----- Working data

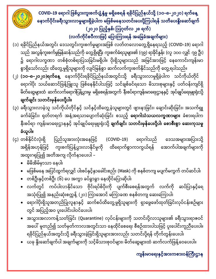(၄) တစ်နိုင်ငံလုံးရှိ ပြည်သူအားလုံးအနေဖြင့် (COVID-19) ရောဂါသည် ဒေသအများအပြားသို့ အရှိန်အဟုန်ဖြင့် ကူးစက်ပြန့်ပွားလာနိုင်မှုကို ထိရောက်စွာကာကွယ်ရန် အောက်ပါအချက်များကို အထူးဂရုပြု၍ အတိအကျ လိုက်နာပေးပါ -
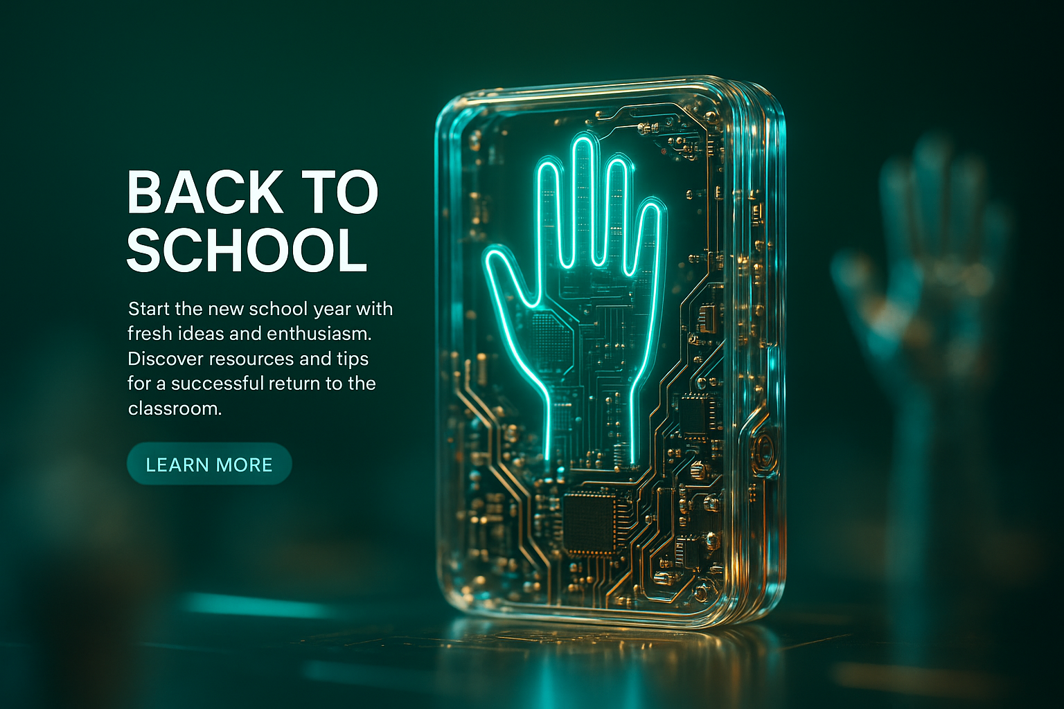 A futuristic classroom scene featuring a glowing hand illustration, symbolizing engagement. The image showcases a blend of neon accents and high-tech elements, creating an inviting atmosphere for learning.
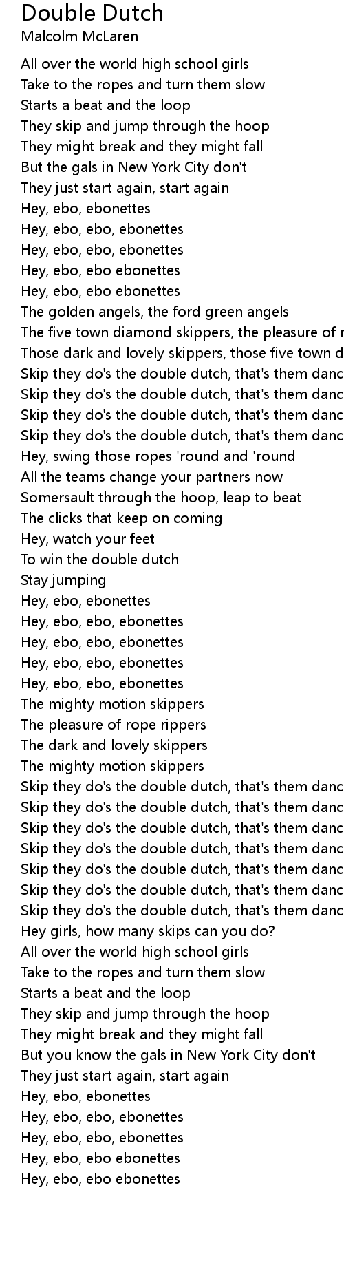 Skip they do's the double dutch, that's them dancing |
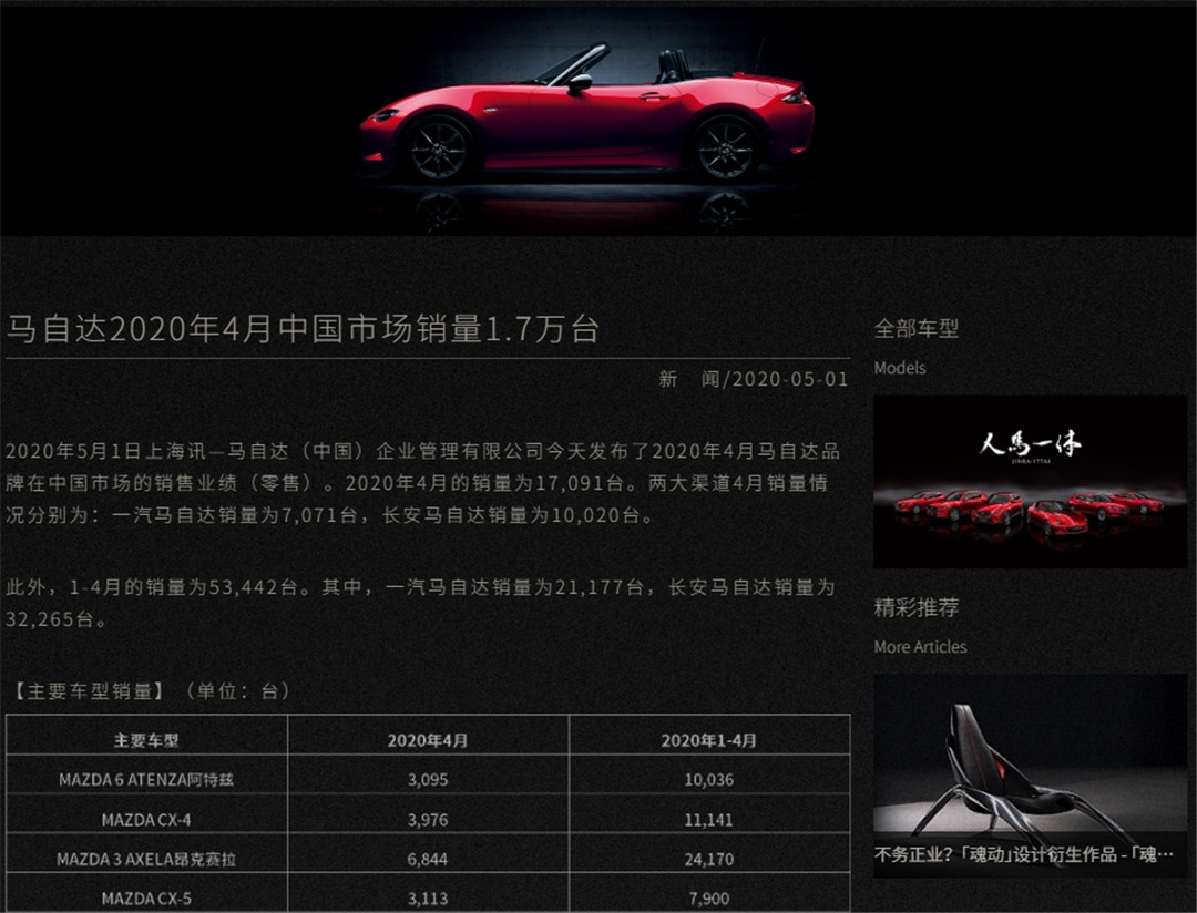 甚至在4月份,汽车市场整体萎缩的大环境下,马自达的销量居然达到了1.7万辆之多,同比去年4月上升了1%。而其中马自达3昂克赛拉的4月销量更是高达6844辆,是马自达在华产品线最畅销的一款车型。
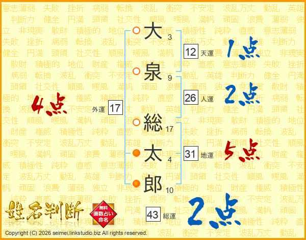 大(3画)泉(9画) 総(17画)太(4画)郎(10画)
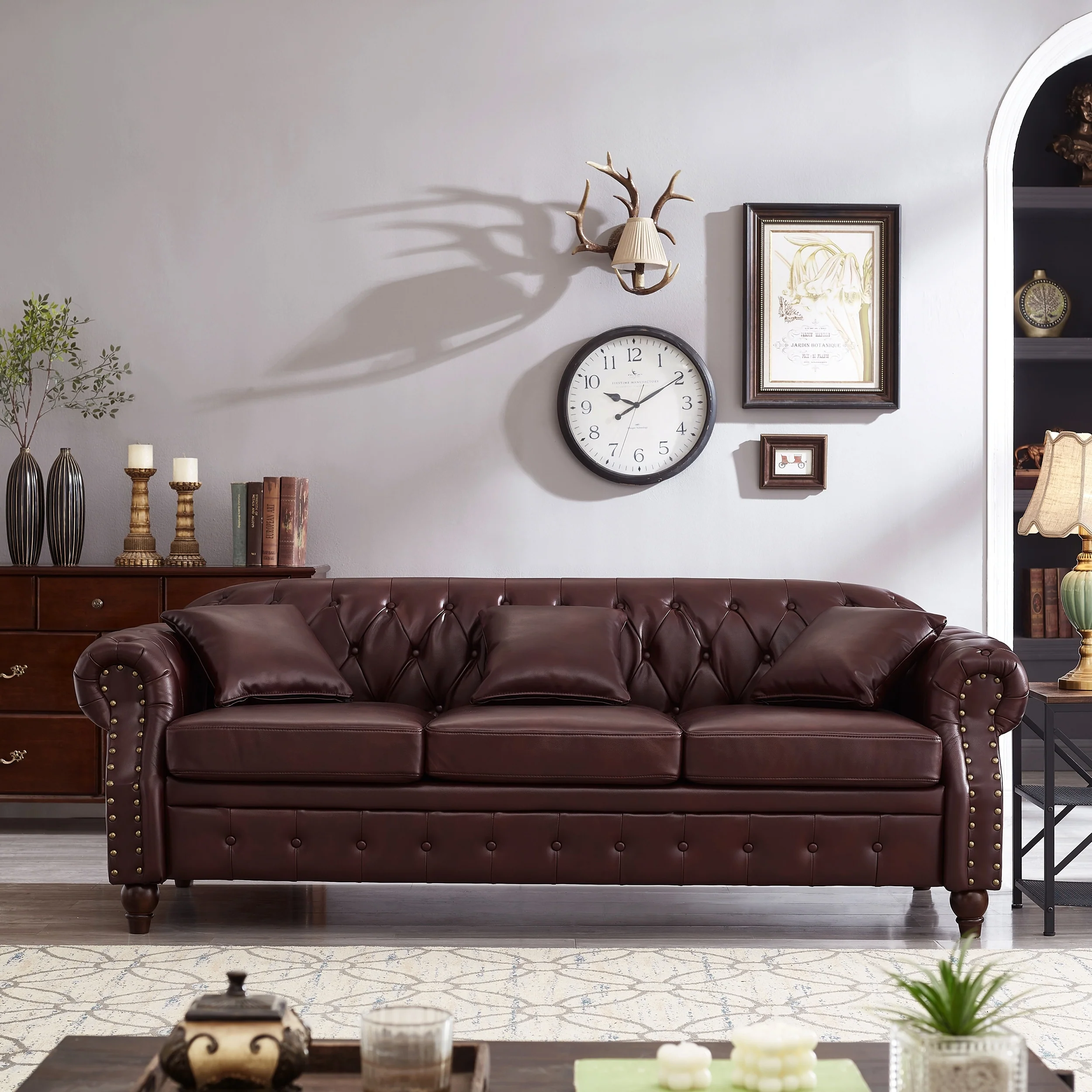 Mirod Mid-Century Modern PU Leather 3-Seat Sofa
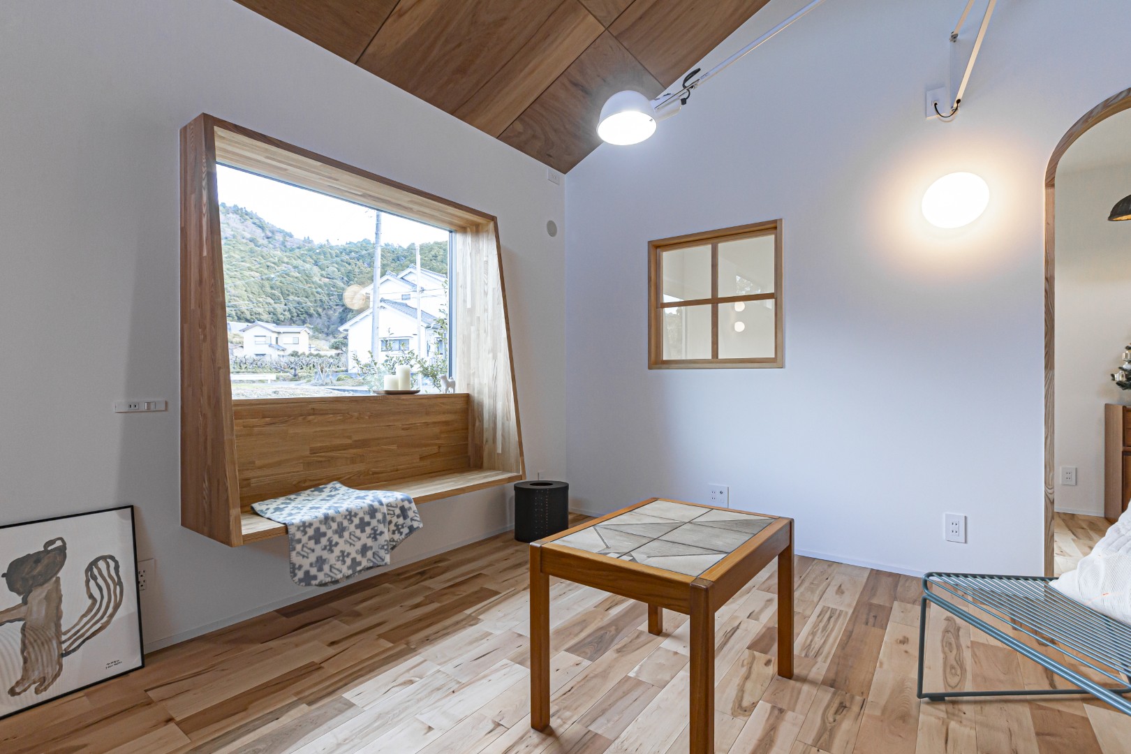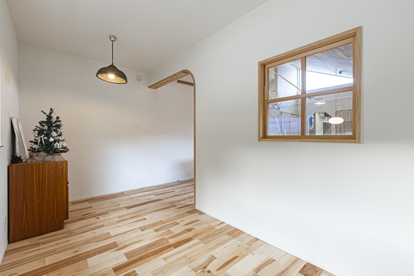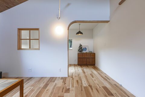 リビングの主役は、空間に柔らかな表情を生む「Rの間仕切壁」と、包み込まれるような安心感のある「ヌック」。お施主様好みの意匠を随所にちりばめ、機能性とデザインが共存する奥行きのある空間を叶えました。

----------

To do:
With the pictures excluded, the line containing "大(3画)泉(9画) 総(17画)太(4画)郎(10画)" and every line after it through the end of the data above are to be transcribed exactly, and nothing more.

Answer space:
 大(3画)泉(9画) 総(17画)太(4画)郎(10画)
 Mirod Mid-Century Modern PU Leather 3-Seat Sofa
 リビングの主役は、空間に柔らかな表情を生む「Rの間仕切壁」と、包み込まれるような安心感のある「ヌック」。お施主様好みの意匠を随所にちりばめ、機能性とデザインが共存する奥行きのある空間を叶えました。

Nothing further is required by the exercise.